Едигей покраснел. Не от стыда. Гневом переполнилась его душа, ибо большей несправедливости по отношению к Абуталипу быть не могло. И он сказал, едва сдерживая себя:
– Ты вот что, не знаю, какой ты там начальник, но в этом ты его не задевай. Дай Бог каждому быть таким отцом и мужем, и любой здесь тебе скажет, какой он есть человек. Нас тут по пальцам перечесть, и мы все знаем друг друга.
– Ладно, ладно, успокойся, – ответил кречетоглазый. – Затуманил он вам тут мозги.
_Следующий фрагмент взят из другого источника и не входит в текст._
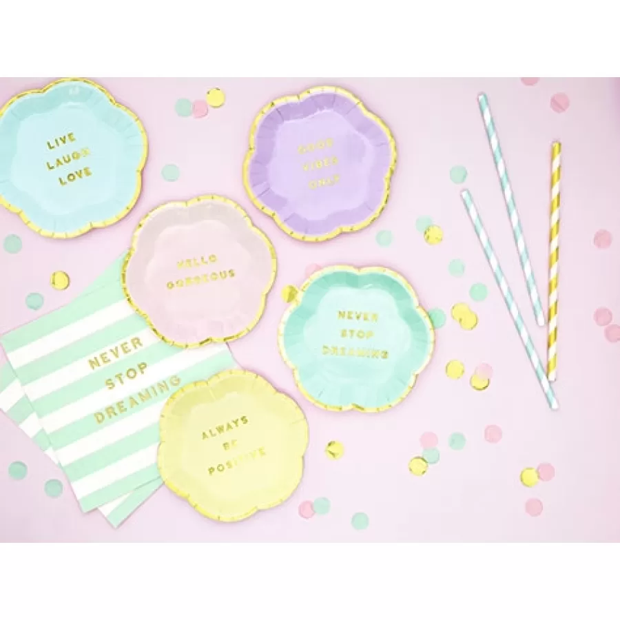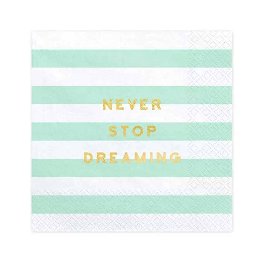 3φυλλες χαρτοπετσέτες ριγέ βεραμάν που γράφουν "Never Stop Dreaming" με χρυσά foil γράμματα.

Враг всегда прикидывается. А мы его разоблачим. Все, можешь быть свободным.
Едигей встал. Замялся, надевая шапку.
– Так что, как будет с ним? Как теперь? Только из-за этих писаний сажать человека, что ли?
Кречетоглазый резко привстал из-за стола.
– Слушай, я тебе еще раз повторяю: это не твое дело! За что преследовать врага, как с ним обходиться, к какому наказанию привлечь его – это мы знаем! Пусть твоя голова не болит. Знай свою дорожку. Иди!